Зоровиц поставил чемодан, сел. Некоторое время мы молчали. Он, наверное, собирался с мыслями, а мне просто не хотелось говорить…
– Как вообще самочувствие? – нарушил он молчание. – Нога зажила?
Хорошая осведомленность, хотя сейчас, наверное, все в городке знали о полученных мною ранах и болячках: поговорить-то больше не о чем…
– Зажила, чешется только под повязкой – ужас!
Зоровиц усмехнулся уголками губ.
– Не буду предлагать какую-то помощь в лечении, знаю: все необходимое у тебя есть, а если нет – достанут. Тем более что и Стах скоро здесь будет.
Я не стал спрашивать, откуда такая осведомленность, хотя никакой радиосвязи между мирами не было и в помине – только курьерская, а Вержбицкий был по делам именно в другом мире.
Мы снова немного помолчали. Зоровиц потянул было пачку сигарет из кармана, но взглянул на меня и сунул ее обратно. Правильно, нечего тут поганить воздух.
– Алексей, – сказал он, рассматривая меня в упор, – я ведь знаю, что твоя версия происшедших событий не соответствует истине.
– А чем она тебя не устраивает? Вроде все понятно: мужик проигрался, нужно срочно расплатиться с долгами, связался с людьми, которым в свое время сделал услугу, – те послали глупого молодого курьера с деньгами… А, еще были злые дяди, которые не хотели, чтобы мужик отыгрался, они перехватили и подстрелили пожилого гонца, подумав, что это он хочет привезти мужику деньги, – я вдруг разозлился. – Ну да, просто все это – насущная горькая правда бытия!
Зоровиц поморщился.
– Не надо так, Алексей, не жги себя – это глупо. Ты же не маленький мальчик и не простак-водила с обрезанным кругозором. Могу тебя заверить, что деньги пошли на благое дело, а мое слово крепко-тебе это, наверное, известно…

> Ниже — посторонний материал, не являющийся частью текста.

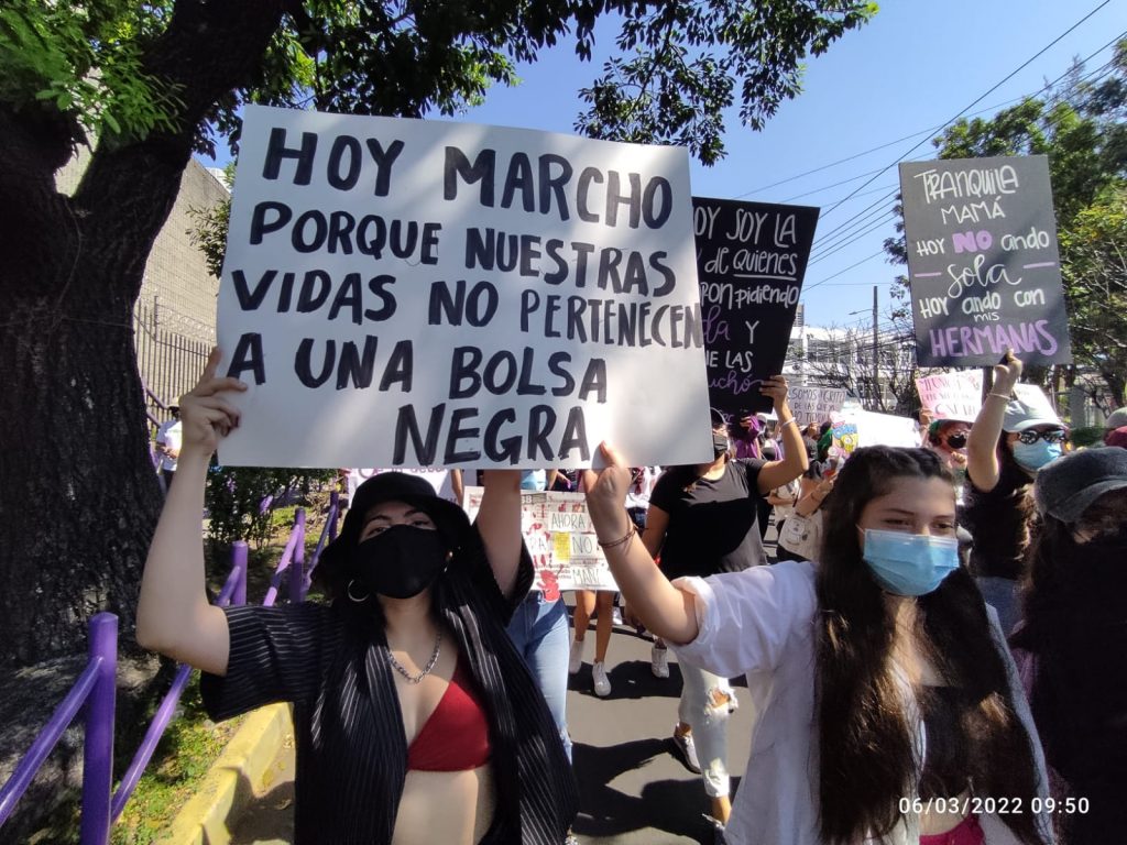 «Las niñas no se tocan, no se violan, ni se matan», fue una de las consignas que elevaron las mujeres, quienes también lanzaron duras críticas al gobierno del presidente Nayib Bukele.

Я покачал головой. Все что мне было о нем известно, так это то, что он – успешный контрабандист.
– А зачем это тебе, Ангел? – спросил я отвернувшись, но все равно чувствуя его пытливый взгляд.
– Не бойся, не для азартных игр.
– А я и не боюсь, – отозвался я, наблюдая, как Маня тащит к нам здоровенную крысу, больше похожую на огромного тушканчика, только без длинного хвоста. – Хвастаться добычей идет. В прошлый раз на кровать затащила – медсестра чуть в обморок не грохнулась, когда постель пришла менять. – Я тихонько, чтобы не сильно тревожить свою особо любимую в последнее время ногу, потянулся.
– Ладно, расскажу тебе: я заключал сделку и мне нужны были крупные деньги для покупки зоны влияния, чтобы ее не перекупили другие, не очень хорошие люди. Просто один из баронов Братства приказал долго жить, и его наследие теперь перешло не к отморозкам, а ко мне. Вот я и поджидал курьера, поигрывая с баронами в карты. Другое дело, если бы не ты приехал первым, а те, чей внедорожник ты надолго испортил. Тут вся ставка была на то, кому первому доставят недостающую сумму: вопрос престижа и проверка профпригодности. Я благодаря тебе выиграл.
– Обыденно, хоть и печально.
– А весь рассказ куда как мерзкий: люди редко добротой нравов отличаются, если им дать право поступать по их желаниям. Зато теперь Проезд на Сивей-ми-ир стал контролироваться моими людьми, и никаких податей за въезд там больше не будет. Слово старого контрабандиста.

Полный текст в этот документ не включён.